Dr. Edward Meloni from Harvard University demonstrated that rodents exposed to xenon (25%, 1 h) immediately after fear memory reactivation exhibited a significant reduction of freezing – a measure of fear in animals – when tested 48 and 96 h after reactivation compared to air-exposed controls7.
Dr. Daqing Ma from Imperial College of London demonstrated xenon’s organoprotective properties in animals after organ transplantation8. Most recently, and based on Dr. Ma’s preclinical work a human study has shown a reduction in white matter damage when xenon is given after cardiac arrest9. Preliminary data from Dr. Ma’s laboratory has shown very promising results of xenon administration in Alzheimer’s disease model (confidential data on file, patent filed by Nobilis Therapeutics).
Russia is a pioneer in the medical application of noble gases and Dr. Dobrovolsky is one of the most notable clinical experts in the field of xenon use in patients with psychiatric conditions. He has completed an 80-patient open-label study of xenon use in panic attacks and demonstrated excellent efficacy and tolerability. Additionally, he has performed a 50 patient open-label study of xenon treatment in alcohol and drug addiction in which he demonstrated excellent efficacy and tolerability both as a monotherapy and in combination with psychotropes (confidential data on file and articles in print).

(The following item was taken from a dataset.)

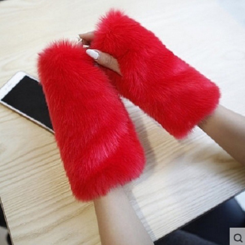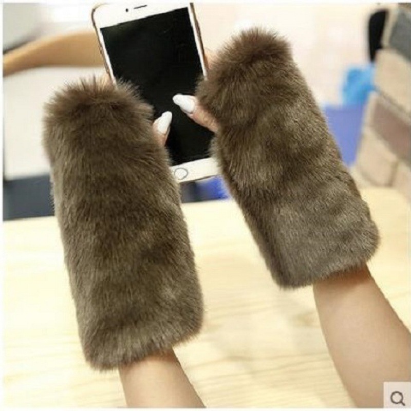핑거 커프 한국 스타일 따뜻한 가을과 겨울 귀여운 모조 헤어 여성 야외 하프 핑거 노출 토끼 헤어 장갑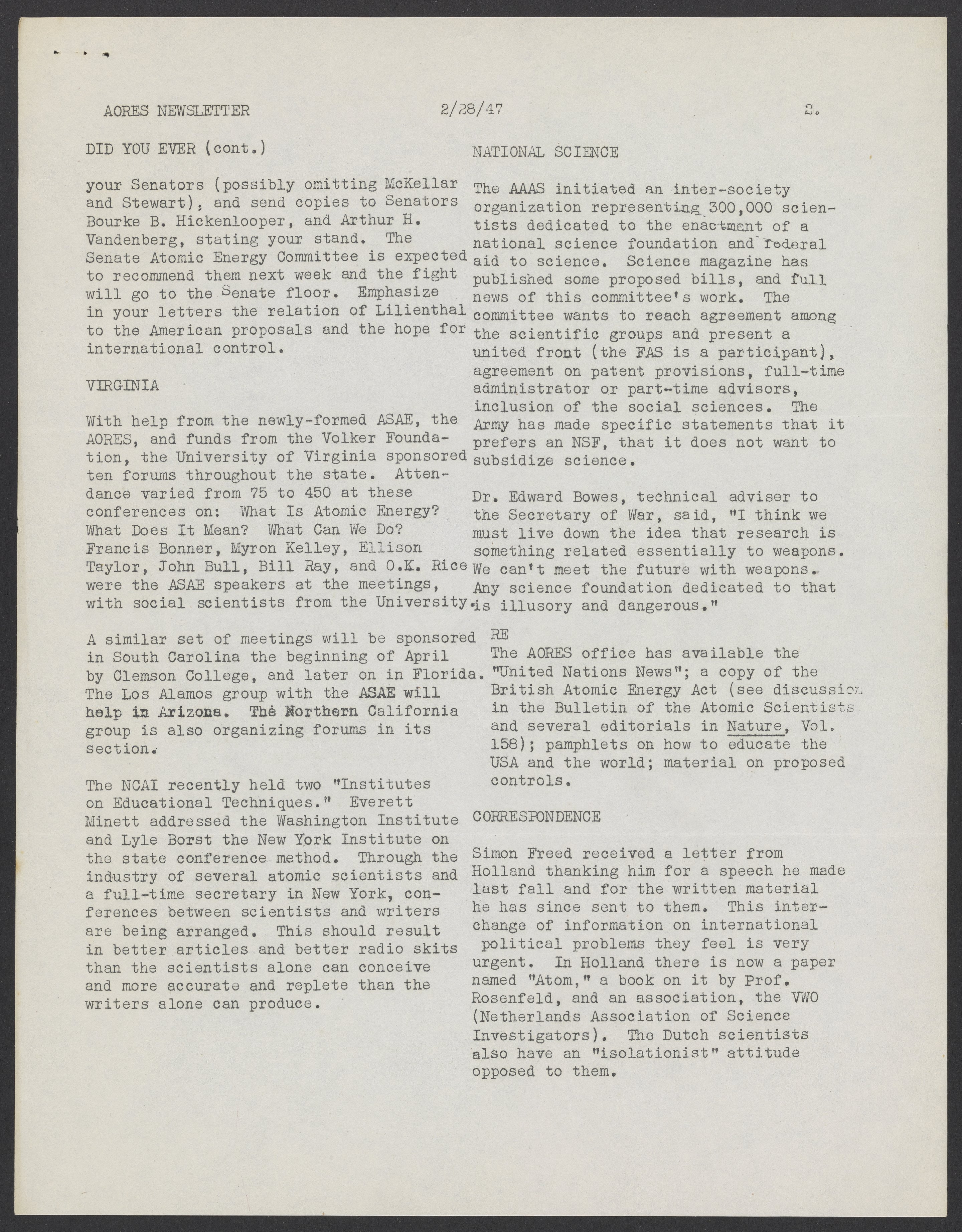 Association of Oak Ridge Engineers and Scientists. “Newsletter for the Association of Oak Ridge Engineers and Scientists (AORES), February 28, 1947,” February 28, 1947. Papers of Georg and Max Bredig, Box 10, Folder 4. Science History Institute. Philadelphia. https://digital.sciencehistory.org/works/b264vru.

1 Cullen SC, Gross EG. The anesthetic properties of xenon in animals and human beings, with additional observations on krypton. Science. May 18 1951;113(2942):580-582.
2 Latchaw, R.E., et al., Adverse reactions to xenon-enhanced CT cerebral blood flow determination. Radiology, 1987. 163(1): p. 251-4.
3 Carlson, A.P., et al., Xenon-enhanced cerebral blood flow at 28% xenon provides uniquely safe access to quantitative, clinically useful cerebral blood flow information: a multicenter study. Am J Neuroradiol. 32(7): p. 1315-20.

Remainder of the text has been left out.